Антон в ответ тихо застонал и уткнулся в подушку, следом пришла мама, спрашивая его же:
– Говорила я тебе не есть её?..
– Да подожди ты, пришла! Без тебя спрошу! – перебивала её бабушка.
– Она говорит, что я тебе сказала не есть, что я плохая мама…

Антон не нашёл нужной реакции на это и продолжал лежать, не воспринимая больше никаких слов. Зато потом, когда ушли, резко соскочил и, уже не в первый раз, стал ходить, сжавшись и тяжело дыша. Мама снова зашла к нему. Он решил было выйти на улицу от этой снова озверевшей бабушки, но как-то не решался, сначала делал попытки как-то что ли выяснить произошедшее. Валентина, наконец, передразнила его растерянное выражение лица и интонацию, и Антон, мучительно усмехнувшись, стал одеваться, чтобы выйти.

Он вышел. Решил сначала идти к школе. Обойдя «любимую» школу, решил ещё как-нибудь продлить маршрут. Возвращаться ведь надо было всё к той же бабушке. И он вдруг предпочёл идти через то место, где вероятнее всего мог встретить… Егора Авдеева! Пройдя мимо его дома (который знал с первого класса), Антон повернул на дорогу, где на бордюре с обеих сторон сидели по нескольку подростков. Он посмотрел спокойно на одних, посмотрел на других, но пока не заметил того, кто сидел с краю. И с этого края он услышал:
– О, привет, Тоха! – это был он, Егор. Кивнув головой и, как следовало, улыбнувшись одной стороной рта, Антон подсел к этой компании на бордюр с другой от Егора стороны. Сначала он сидел молча, радуясь уже тому, что сел. Егор тоже не говорил, а слушал чей-то рассказ о какой-то компьютерной игре и при этом посматривал на Антона с чем-то вроде удивления и, притом, приятного, отчего Антону было радостно. Антон спросил сидящего рядом парня, молчаливого и неприметного:
– Это что за игра, о которой говорят?
– Не знаю, это на компьютере.
– А у тебя компьютер есть? – спросил Антон, не слушая невнятного ответа.
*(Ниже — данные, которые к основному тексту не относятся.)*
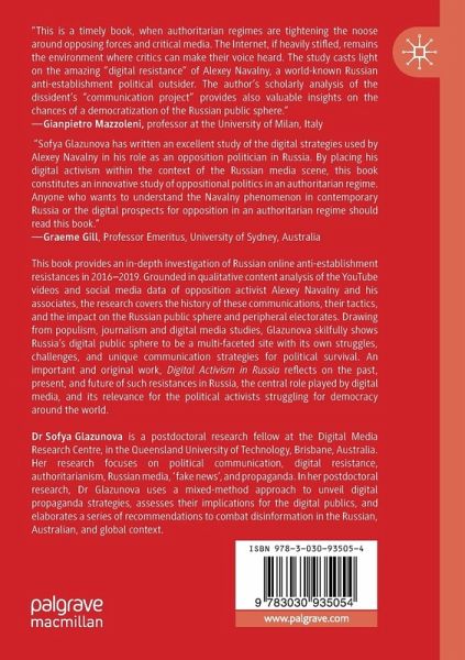 This book provides an in-depth investigation of Russian online anti-establishment resistances in 2016-2019. Grounded in qualitative content analysis of the YouTube videos and social media data of opposition activist Alexey Navalny and his associates, the research covers the history of these communications, their tactics, and the impact on the Russian public sphere and peripheral electorates. Drawing from populism, journalism and digital media studies, Glazunova skilfully shows Russia's digital public sphere to be a multi-faceted site with its own struggles, challenges, and unique communication strategies for political survival. An important and original work, Digital Activism in Russia reflects on the past, present, and future of such resistances in Russia, the central role played by digital media, and its relevance for the political activists struggling for democracy around the world.

Одному мелкому пацану командовали: «Встань!» – всякий раз, когда проезжала крутая машина, и он вставал. Темы, на которые говорили, нам описывать незачем. На эти темы могут общаться все самые обычные, даже туповатые мальчишки тринадцати-пятнадцати лет. Правда, одну тему всё-таки не мешало бы указать. Антон решил напомнить о… своём последнем дне в школе, в октябре.

– Помнишь, Егор, когда я в последний раз был в школе, там ты, на биологии мне руки выкручивал… вот… и на уроке чё-то там, короче, оборачивался. Я тебя по руке-то стукнул, когда ты мне опять хотел выкручивать, а ты, в общем, сказал и училке, и Юрку, что это я тебя первый… А дальше на уроке, тебе училка хотела влепить «двойку» по поведению, а ты ей… говоришь: «Не надо мне «двойки» по поведению» – или что-то типа того. С этого и началась заваруха, она и на меня перекинулась. Потом и дома кой-чё было, и я, чё-то, не смог ходить.
Егор всё это слушал удивлённо и настороженно.
– Как это тебе?
– Х… полная!
– А я вот ещё чего хотел узнать: а с тобой такая х… ни разу не происходила?
Егор с той же настороженностью мотнул головой.
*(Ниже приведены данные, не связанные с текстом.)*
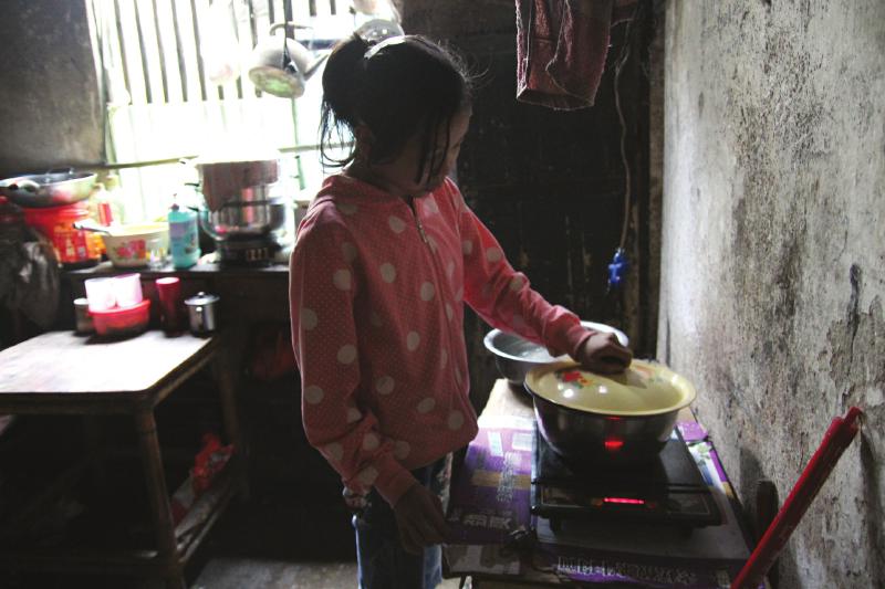 父亲工作较忙,照顾妈妈的重任便落在了李立英稚嫩的肩上。她每天早晨5点40分起床,给妈妈按摩、洗漱、做早餐,忙到7点半左右,给父亲把煮面的水烧好,才去上学。她的不忍

Подъехал ещё Илья Сиверцев на велосипеде. Антон и ему стал то же излагать, а тот слушал с таким вниманием, которого Антон и не ожидал. Антон подумал, что это из-за отсутствия Илюхи в тот день. После появилось предположение, что Илья просто ещё не слышал такого «сломавшегося» голоса Антона, как и у себя. Да и рассказ казался небезынтересен.

Сначала стал уходить Егор, да передумал. А затем Антон сказал, что пойдёт, и ушёл совершенно спокойно, никто его не задерживал и не гнал. Он уже получил нужный заряд бодрости для продолжения учёбы в школе в девятом классе и нашёл умиротворение. И в этом заключалась ещё вот какая любопытная вещь: когда-то бабушка рвалась защищать его от Егора, а теперь вышло так, что, можно сказать, Егор его от бабушки защитил, хоть и не зная о том.

А взаимопонимание с бабушкой оставалось трудной вещью. Она не могла понять, что Антон предпочитает раздумывать не над вопросом, что он будет есть, а над вопросом совершенно иного порядка – как он будет жить. Антон, в свою очередь, не понимал бабушкиного опасливого взгляда на мир, который она старалась передать ему. Ещё до дня, в который произошли вышеизложенные события, Галина Архиповна завела с внуком разговор, который хоть и не касался его будущего, но всё равно был ему неприятен. Сначала обсуждалась видеозапись с дачи тёти Оли, уже переписанная у тех Антоном на свою кассету, одна фраза в этой записи, которой резко возмутилась бабушка, и в ответ на это возмутился Антон. Затем Галина Архиповна сказала, как бы подытоживая:
– Жизнь такая, что потом ещё труднее будет, и работать, и всё. А сейчас пока тебе легко, тебе всё дают, ты просто не понимаешь…
– Да и сейчас уже…
– Нет, это тебе так кажется, – упирала Галина Архиповна.
– Хуже некуда.
– Нет-нет-нет!
И Антон снова удручился, услышав очередное запугивание. Он не понимал, почему ему с работой станет хуже, ведь, работая, он будет хоть что-то значить.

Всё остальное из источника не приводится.